▸ Source data
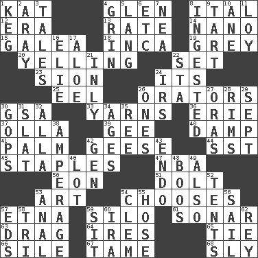 ACROSS 1. Krazy ___ of comics 4. Small, secluded valley 8. Slanted text style (abbr.) 12. Period 13. Assign a rank or rating to 14. Billionth: prefix 15. An organ shaped like a helmet 18. South American Indian 19. Jennifer or Joel 20. Crying or shouting loudly 22. Arrange properly for use 23. The Jewish people; Israel 24. ___ a Wonderful Life 25. Snakelike fish 26. Speakers 30. Girls' org. (abbr.) 33. Tall tales 36. 4th largest of the Great Lakes 37. Rounded earthenware pot or jar 39. Turn to the right 40. Moist 41. Inside of hand 42. Honkers 44. Fast jet (abbr.) 45. Paper fasteners 47. Basketball assoc. 50. Period of immesurable duration 51. Dunce 53. Tate display 54. Opts 57. Inactive volcano in Sicily 59. Grain storage tower 61. Underwater navigation system 63. To trail on the ground 64. Angers 65. Neckwear 66. Filth; sediment 67. Not wild 68. Playfully artful DOWN 1. Barrel 2. Like ___ of sunshine 3. Stories 4. Broad smile 5. Long (Scottish) 6. And so on (abbr.) 7. Teachers' org. 8. Swallowed 9. Small pie 10. A saturated hydrocarbon 11. Myrna of the movies 16. Writer Wiesel 17. Medicinal plant 21. In an inward manner 22. R.R. building 24. Big collection agency 26. Washington bills 27. Mouths or openings 28. Basketball hoops 29. Back-to-school mo. 30. Republicans 31. Narrow board 32. Silent film actress Nazimova 34. Matures 35. To riddle 38. Electrical Measurement 42. Commissioned military rank (abbr.) 43. Inside; within (prefix) 46. Car dealer's back yard 48. Scornful sounds 49. In addition 52. Portable shelters 53. Of or related to the anus 54. Clement's nick name 55. Stockings 56. Move on water 57. Begley and Asner 58. Three (prefix) 59. Be seated 60. Lyricist Gershwin 62. Marina Del _, California
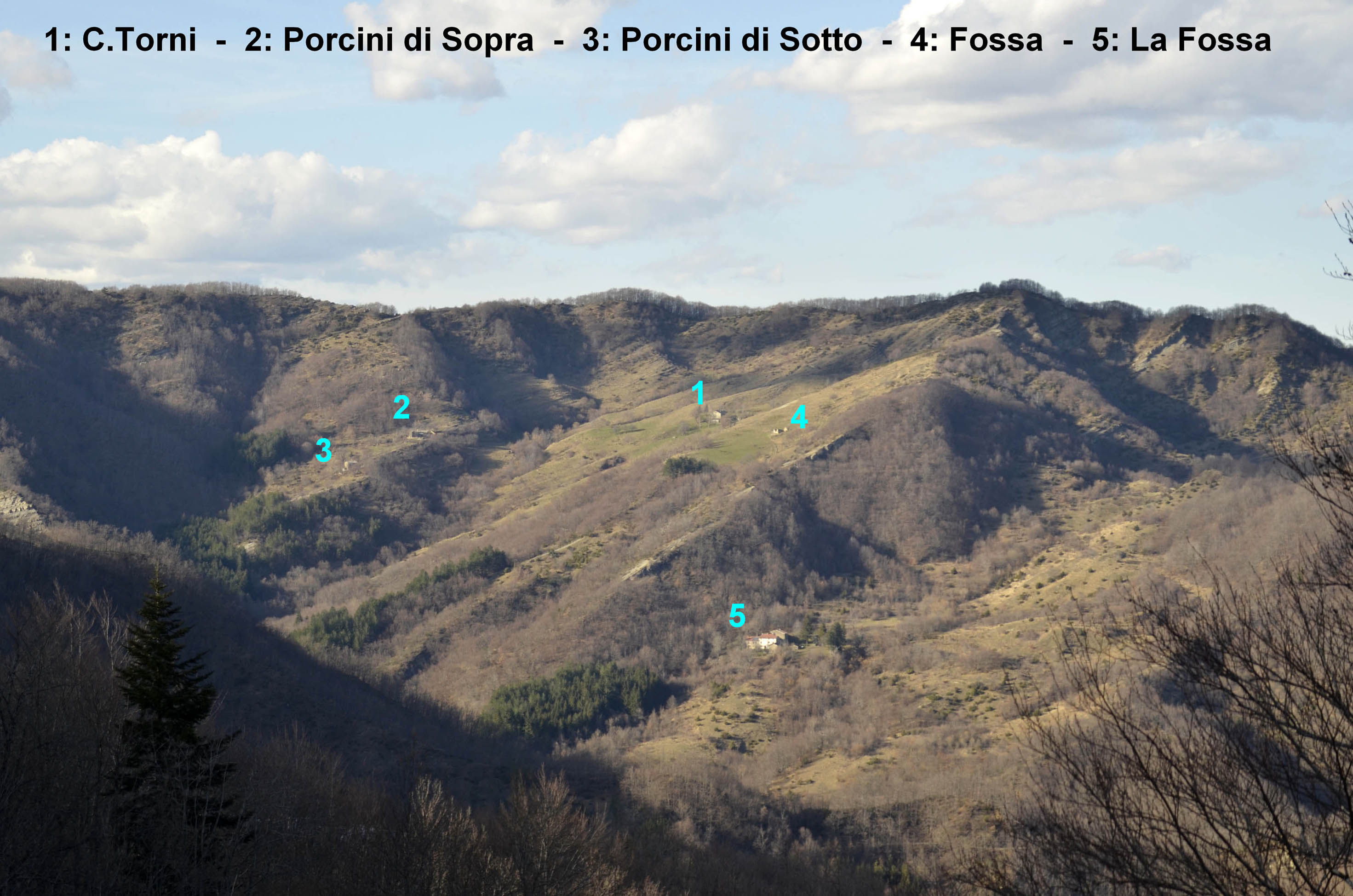 00b1/00b6 – Dalla S.F. di Giogo di Castagno (vi si giunge tramite la S.P. n.94 del Castagno dal Passo della Calla) tagliata sotto Poggio Piancancelli, scorci panoramici consentono la vista della Valle delle Celle dove, tra l’alternanza di prati pascoli, aree brecciate, brulle e incolte e l’inteso foliage autunnale, si notano Torni e Fossa in diverse stagioni e si riconosce la cresta dove correva l’antica strada che transitata da La Fossa nel risalire dal fondovalle si dirigeva verso il crinale passando presso Fossa e Torni, qui ormai trasformata in pista poderale (16/04/16 – 7/10/17 - 1/01/19)
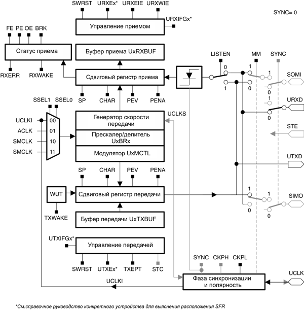 В асинхронном режиме USART подключает MSP430 к внешней системе через два внешних вывода: URXD и UTXD. Режим UART выбирается при очистке бита SYNC.
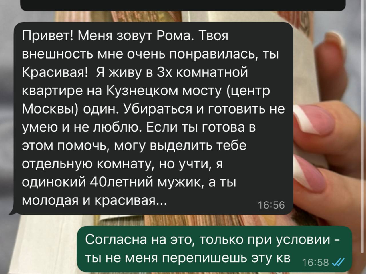 Ситуация 50/50 съем квартиры - женщина чувствует, хоть какой-то вес на данной территории. Приходится договариваться с ней по ряду вопросов, возможно жить по каким-то ее правилам.
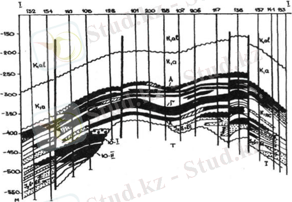 Cуpeт 1. 2. 1 - I-I жeлici бoйыншa гeoлoгиялық қимa
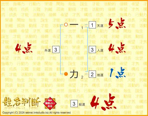 生活面を象徴する運勢です。外部から受ける影響力を表し、結婚運、家庭運や職場、環境への順応性を表します。総運から人運を引いた画数。姓や名が1文字の場合を除く。

▸ What is needed
Leave the pictures aside and give the records above back word for word.

▸ Answer to this task
 ACROSS 1. Krazy ___ of comics 4. Small, secluded valley 8. Slanted text style (abbr.) 12. Period 13. Assign a rank or rating to 14. Billionth: prefix 15. An organ shaped like a helmet 18. South American Indian 19. Jennifer or Joel 20. Crying or shouting loudly 22. Arrange properly for use 23. The Jewish people; Israel 24. ___ a Wonderful Life 25. Snakelike fish 26. Speakers 30. Girls' org. (abbr.) 33. Tall tales 36. 4th largest of the Great Lakes 37. Rounded earthenware pot or jar 39. Turn to the right 40. Moist 41. Inside of hand 42. Honkers 44. Fast jet (abbr.) 45. Paper fasteners 47. Basketball assoc. 50. Period of immesurable duration 51. Dunce 53. Tate display 54. Opts 57. Inactive volcano in Sicily 59. Grain storage tower 61. Underwater navigation system 63. To trail on the ground 64. Angers 65. Neckwear 66. Filth; sediment 67. Not wild 68. Playfully artful DOWN 1. Barrel 2. Like ___ of sunshine 3. Stories 4. Broad smile 5. Long (Scottish) 6. And so on (abbr.) 7. Teachers' org. 8. Swallowed 9. Small pie 10. A saturated hydrocarbon 11. Myrna of the movies 16. Writer Wiesel 17. Medicinal plant 21. In an inward manner 22. R.R. building 24. Big collection agency 26. Washington bills 27. Mouths or openings 28. Basketball hoops 29. Back-to-school mo. 30. Republicans 31. Narrow board 32. Silent film actress Nazimova 34. Matures 35. To riddle 38. Electrical Measurement 42. Commissioned military rank (abbr.) 43. Inside; within (prefix) 46. Car dealer's back yard 48. Scornful sounds 49. In addition 52. Portable shelters 53. Of or related to the anus 54. Clement's nick name 55. Stockings 56. Move on water 57. Begley and Asner 58. Three (prefix) 59. Be seated 60. Lyricist Gershwin 62. Marina Del _, California
 00b1/00b6 – Dalla S.F. di Giogo di Castagno (vi si giunge tramite la S.P. n.94 del Castagno dal Passo della Calla) tagliata sotto Poggio Piancancelli, scorci panoramici consentono la vista della Valle delle Celle dove, tra l’alternanza di prati pascoli, aree brecciate, brulle e incolte e l’inteso foliage autunnale, si notano Torni e Fossa in diverse stagioni e si riconosce la cresta dove correva l’antica strada che transitata da La Fossa nel risalire dal fondovalle si dirigeva verso il crinale passando presso Fossa e Torni, qui ormai trasformata in pista poderale (16/04/16 – 7/10/17 - 1/01/19)
 В асинхронном режиме USART подключает MSP430 к внешней системе через два внешних вывода: URXD и UTXD. Режим UART выбирается при очистке бита SYNC.
 Ситуация 50/50 съем квартиры - женщина чувствует, хоть какой-то вес на данной территории. Приходится договариваться с ней по ряду вопросов, возможно жить по каким-то ее правилам.
 Cуpeт 1. 2. 1 - I-I жeлici бoйыншa гeoлoгиялық қимa
 生活面を象徴する運勢です。外部から受ける影響力を表し、結婚運、家庭運や職場、環境への順応性を表します。総運から人運を引いた画数。姓や名が1文字の場合を除く。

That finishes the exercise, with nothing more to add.